“Well, my dear,” began the man in an oily, insinuating voice, “you wished to see me, so Mrs. Carter says. What can I do for you, my dear?”

“What can you do? You can let me out of this place,” panted Violet, desperately. “Doctor Langley, if you are he”—the bald head bowed like a Chinese mandarin—“I have been brought to this place while in an unconscious state by the worst villain unhung!”

She might have added, “present company excepted,” had she felt in a facetious mood; but Violet had no thought for anything but her own desperate position, and her wild desire to escape from it as soon as possible. Doctor Langley bowed once more.
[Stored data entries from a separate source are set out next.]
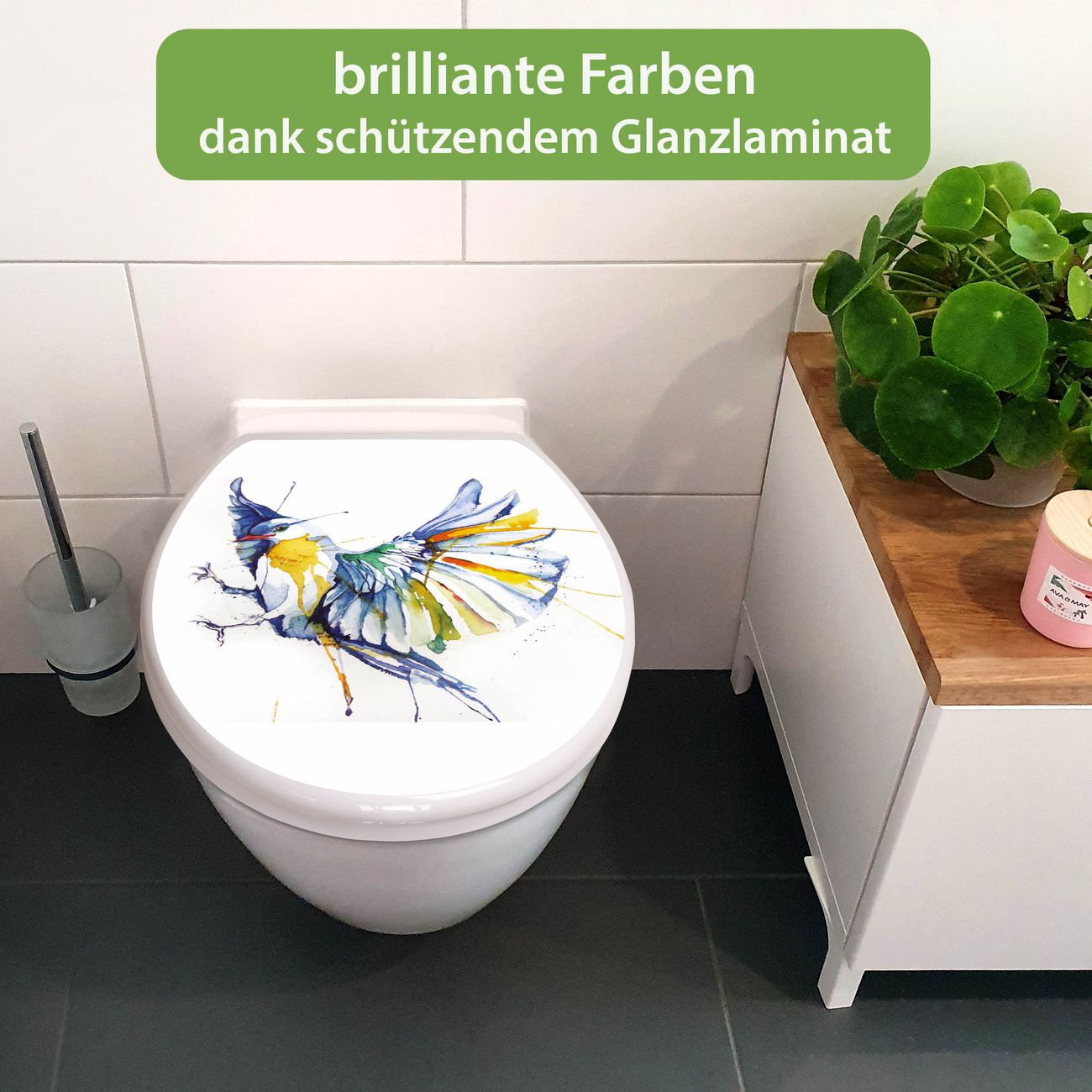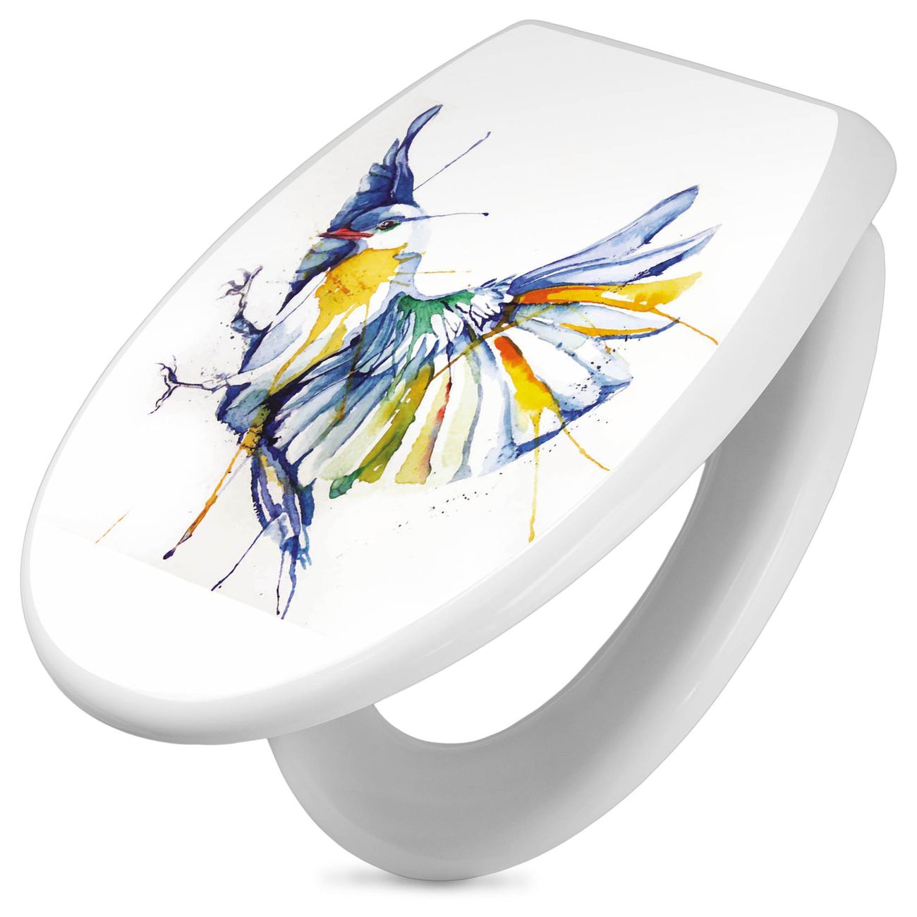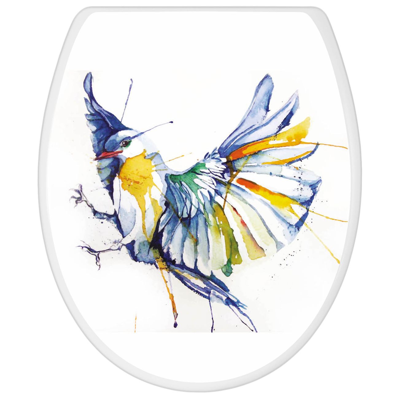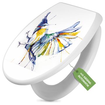 Toilettendeckel weiß mit Absenkautomatik Motiv Aquarell Vogel
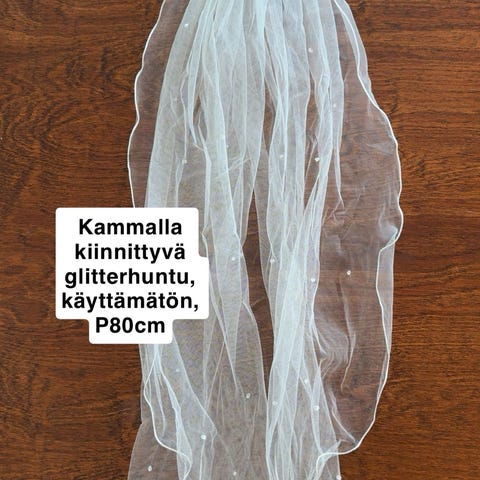 Myydään kerran käytetty valkoinen huntu, kunto kuin uusi. Pituus 70cm.
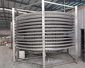 設備只有一個轉鼓,輸送帶在轉鼓上做螺旋上升或者螺旋下降運動。

“Really now, is he, my dear? I am sure I would never have thought such a thing of Mr. Warrington. He has been a pleasant friend of mine for many a long year.”
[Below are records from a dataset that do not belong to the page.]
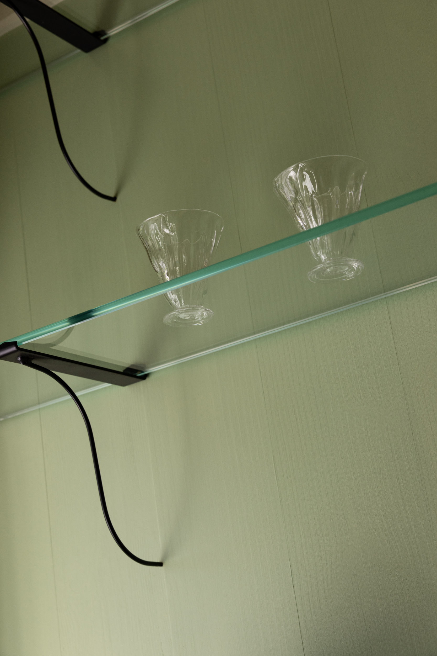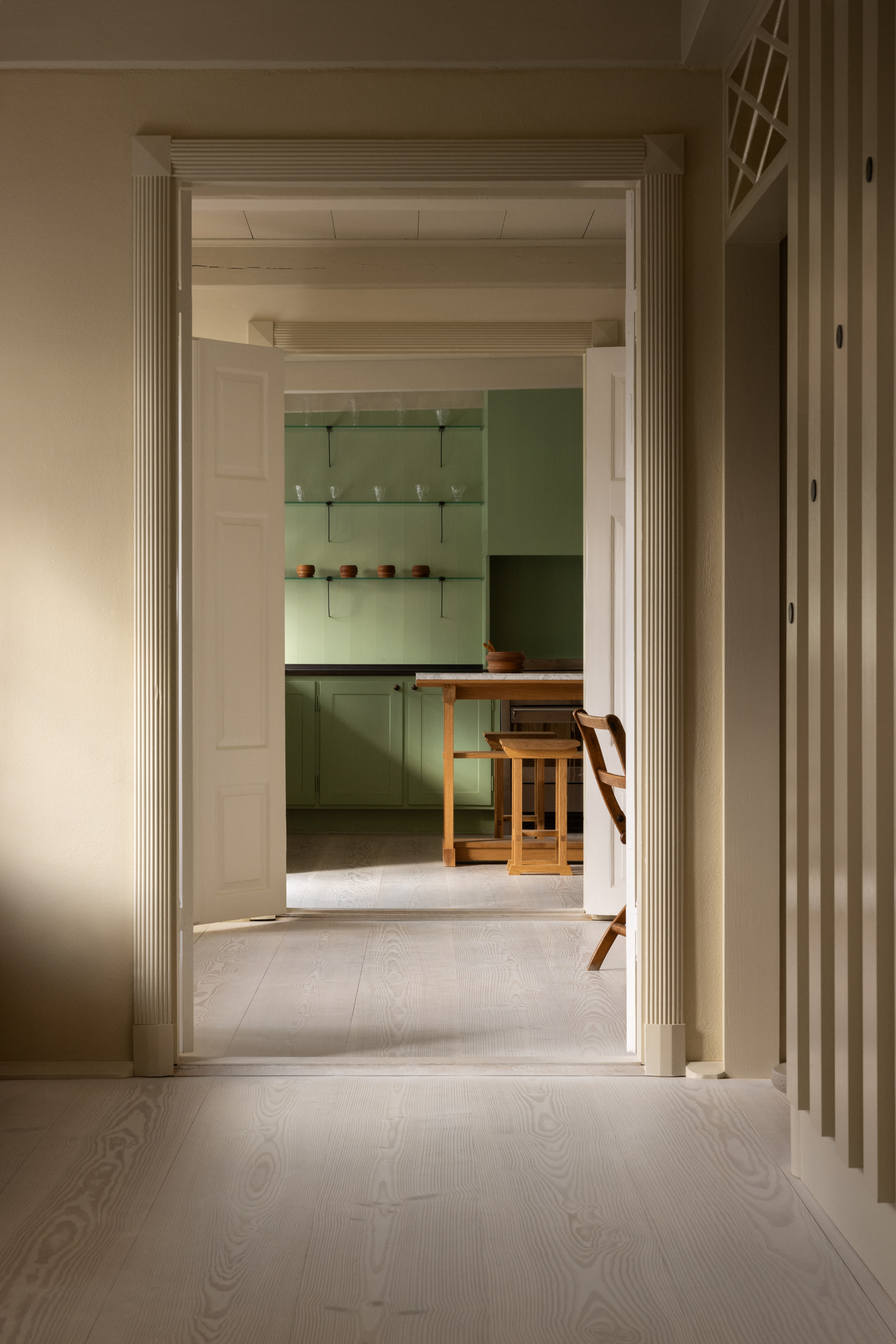 Frames from Cassetta in darker woods like walnut and pear also help provide a sense of grounding alongside the light Douglas floors, treated with lye and white soap. Hand-turned walnut and pear bowls from Georgia, designed by Peter Møller Rasmussen and Christian Vennerstrøm, further enhance the narrative of craftsmanship and collaboration. This spirit is echoed throughout the space, from the carefully curated antiques by Jamb London and glassware by Alexander Kirkeby to the contemporary design elements, creating a harmonious blend of history and modernity.
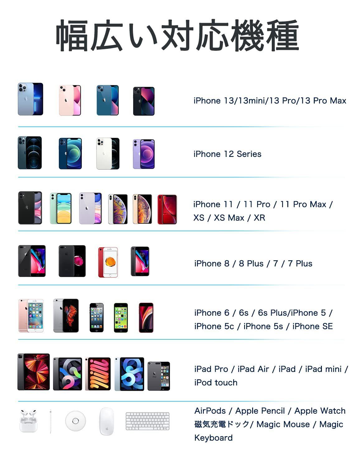 【幅広い互換性】iosアップデート完全対応、iPhone 14シリーズ/iPhone 13/13 mini /13 Pro/13 Pro Max / 12/ 12 mini/ 12 Pro/ 2 Pro Max/ 11/ 11 Pro/ 11 Pro Max/ XS/ XS Max/ XR/ iPhone X / iPhone 8 / 8 Plus / iPhone 7 / 7 Plus / iPhone 6s / 6s Plus / iPhone 6 / 6 Plus / iPhone 5 / 5s / 5c / iPhone SE / iPad Air / Air 2 / iPad Pro / iPad mini / iPod touch / iPod nanoなど8Pinの接続口が全部対応しているアイフォン充電ケーブルです。
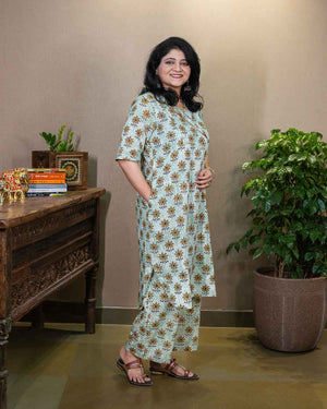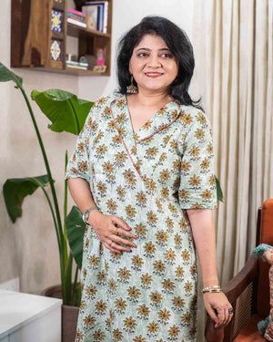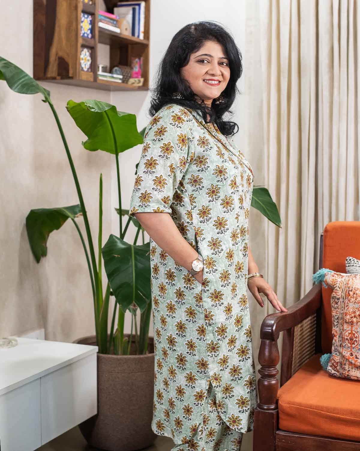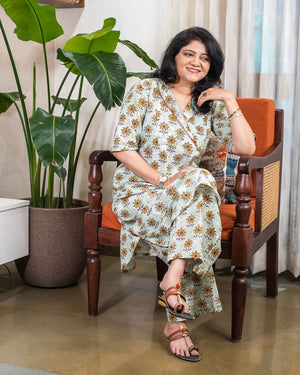 Signature fabric - pure cotton slub hand block printed straight fit kurta with side slits. Relaxed fit. Collar pattern with hand work, contrast red stitched line. You can wear this as a dress or kurta.
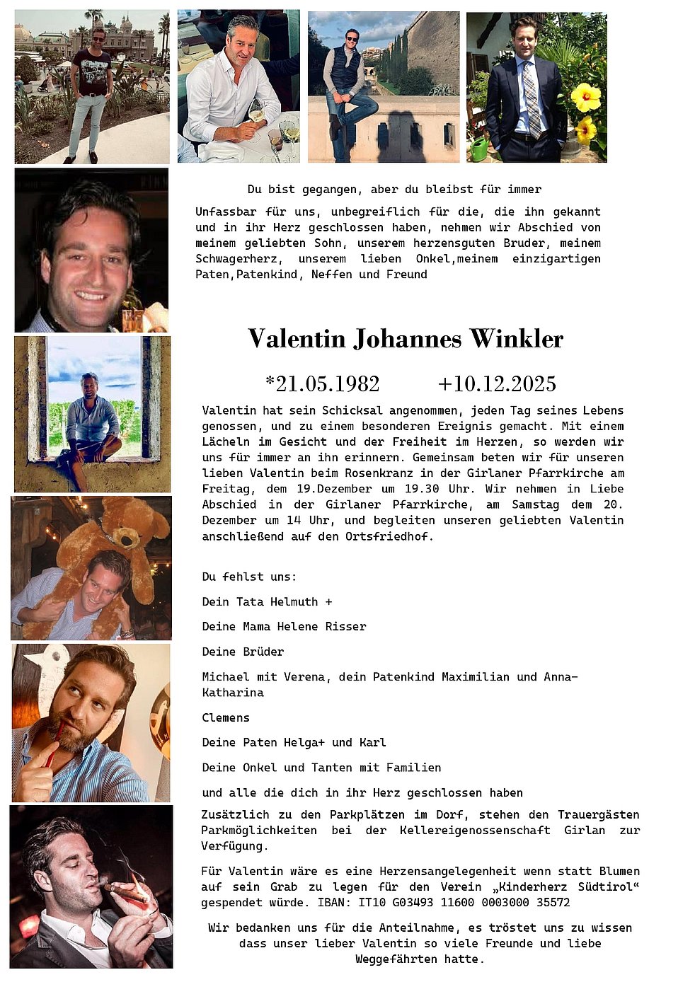 Für Valentin wäre es eine Herzensangelegenheit wenn statt Blumen auf sein Grab zu legen für den Verein "Kinderherz Südtirol" gespendet würde. IBAN: IT10 G03493 11600 0003000 35572
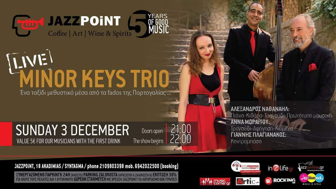 Οι Minor Keys Trio έρχονται για ένα live στο Jazzpoint την Κυριακή 3 Δεκεμβρίου.

A cold feeling of despair settled down upon the poor girl’s heart.

“That settles it, then!” she cried. “If you are Gilbert Warrington’s friend, then you are as bad as he. There is no help for me in this world!”

She sunk upon the iron cot once more, and hid her face in her hands. After a while she lifted her eyes to the shining, self-satisfied countenance before her.

“Doctor Langley, will you not help me?” she pleaded in a broken voice. “If you will, there is nothing within my power that I will not do to repay you. Only let me out of this place, and give me money enough to pay my fare home, and I will leave in your hands a written guarantee to pay to you on your order, within a week, any sum of money that you may name.”

His beady eyes glistened with a greedy light, and Violet’s heart leaped up from zero to fever heat, only to go down again to the very depths of despair, as the oily insinuating voice fell upon her ears once more.

“Impossible, my dear young lady, quite impossible,” he returned, blandly. “You forget that you are a minor, and no written or verbal guarantee of yours would be legal. I would have to trust to your honor to furnish the sum you refer to, which would have to be a good round figure, I assure you. And then, besides, you would be more than apt to give away the secret of this institution—and its existence is a secret from the city authorities—though, of course, everything is carried on in a perfectly straight, square, and lawful manner. But I have reasons of my own—private and weighty reasons—for wishing its existence kept a profound secret from the authorities. So I am forced to decline your offer.”